As a mere reader and typographical groupie and hanger-on, let
me respond.

It seems implicit in your remark that some typefaces partake of
an "oppressive" character. Perhaps this is true of certain
display faces, but I seriously doubt we can impute this
characteristic to the many text faces available. This reminds me
of the issue of Wagner's music: is it anti-Semitic or not? There
is absolutely no doubt that Wagner himself (like many people of
his time and place) was a rabid anti-Semite, but does this
characteristic show itself in, say, Das Gotterdammerung? My own
opinion is that Wagner's works (and others of the same period)
have an existence utterly independent of their composer and do
not have an anti-Semitic quality purely as a result of their
authorship and historico-cultural placement.
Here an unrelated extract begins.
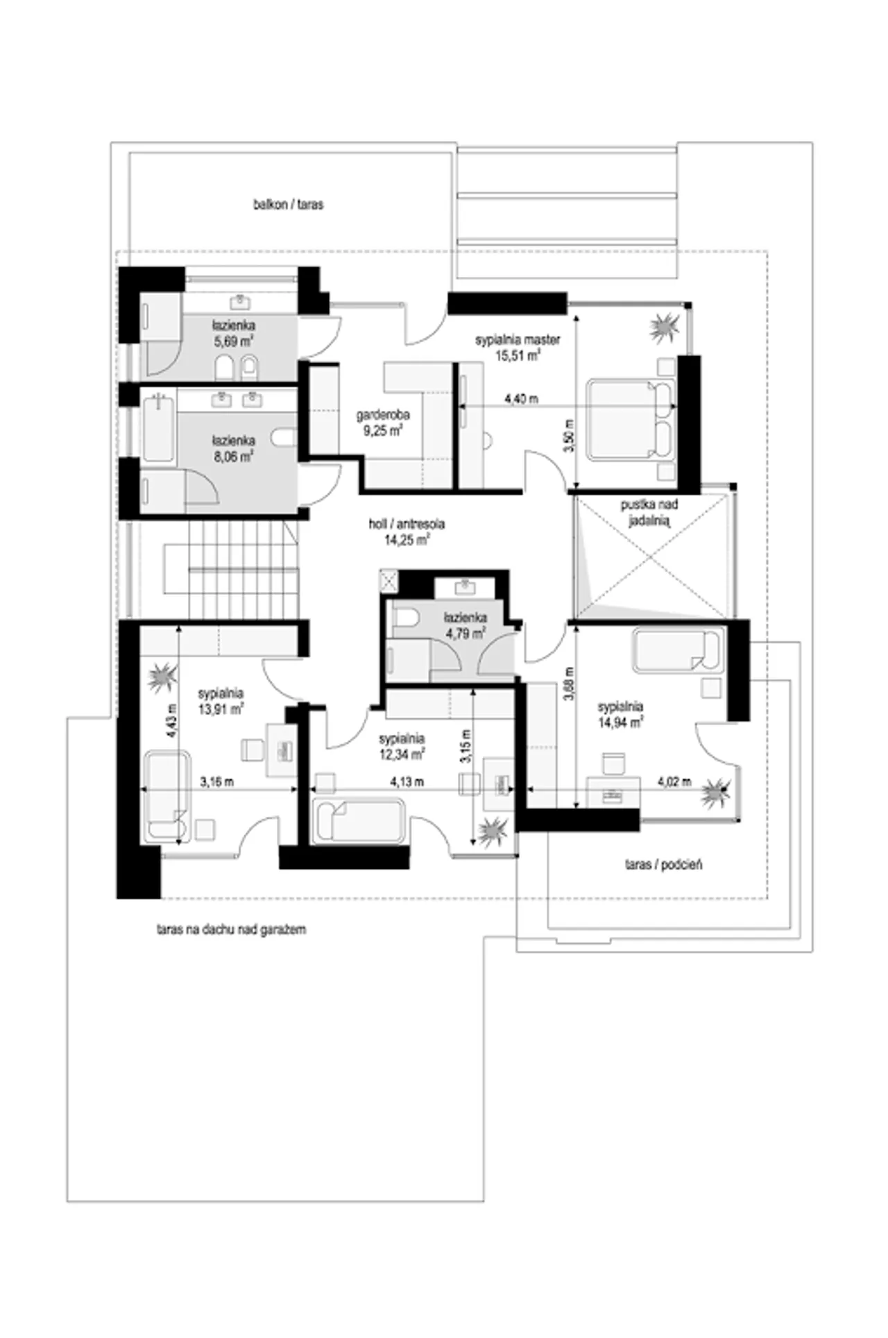 Willa Floryda 8 to połączenie nowoczesnej architektury z funkcjonalnością przestrzeni, stworzone z myślą o wymagających rodzinach. Dom piętrowy, wyposażony w praktyczny, zadaszony taras oraz przestronny, dwustanowiskowy garaż, daje wygodę użytkowania na lata. Ten projekt domu jednorodzinnego to idealny wybór dla osób ceniących niebanalną stylistykę i nowoczesne technologie budowlane.

> I know that most readers will not notice, much less care, if a
> typeface characteristic of a dominant group is used for a text
> critical of it.

I think *no* reader is going to notice. Those who look at books
for the typography, not the content, *may* notice.

[Bringhurst quote snipped]

> The logical extension of these statements, it seems to me, is
> that good typography not only demands an *understanding* of
> historical and ideological relationships, but also requires
> responsible *applications* of this knowledge.  For example, I
> would not use Van Dijck for a book about Mussolini, or Joanna
> for a book about the Crusades.

Forgive me if I display my ignorance, but please explain your
rationale for these anti-choices. I have used both of these
faces and it seems to me that Van Dijck would be inappropriate
for nearly any text not closely focussed on the historic period
of its model, while Joanna (at least in its Roman style) is so
neutral and characterless that it would simply be out of place
where one wants an air of knightly feats of derring-do. Wasn't
Joanna designed as a newspaper face?

> But our press publishes many
> books about U.S. minority groups, minority groups in Latin
> America, and the often one-sided (in terms of raw power, both
> military and economic) relationship between the U.S. and Latin
> America, and I've had problems finding text faces that I feel
> are suitable for these subjects. (For some reason, there just
> aren't that many Chicana type designers out there. <irony>)
> Display faces are less of a problem, but I've had difficulties
> with them too.  Do any of you have any thoughts on the subject?
> Solutions? If any of you think this is not an important issue,
> how did you come to that conclusion?

I think the correct relationship should follow this logic: the
text before me is a modern text and therefore should be printed
in a good modern text typeface. On the other hand, if you are
reprinting a historic text, then a face reminiscent of its
historic context might be more appropriate. Yet even then, you
must be cautious about ending up with a parody. Should a book
about the history of Mexico be set as though it were done by a
job printer in an out of the way Mexican village, with
"damaged" type and a grand disregard for the canons of
typographic good taste? Of course not!

>...I think the problem I've outlined here transcends
> personal politics...

Your sensitivity is to be commended, but I feel you are seeking
an unnecessary refinement. Far better to concentrate on the
readability of the page, the color of the type, its texture. As
an academic publisher, many of your books are (by any ordinary
standard) going to be dull, boring, and dry, and you need to
make sure the reader, while struggling with the content, is not
also having eye trouble. Please consider the wide variety of
faces used in Penguin paperbacks (most of them from Monotype).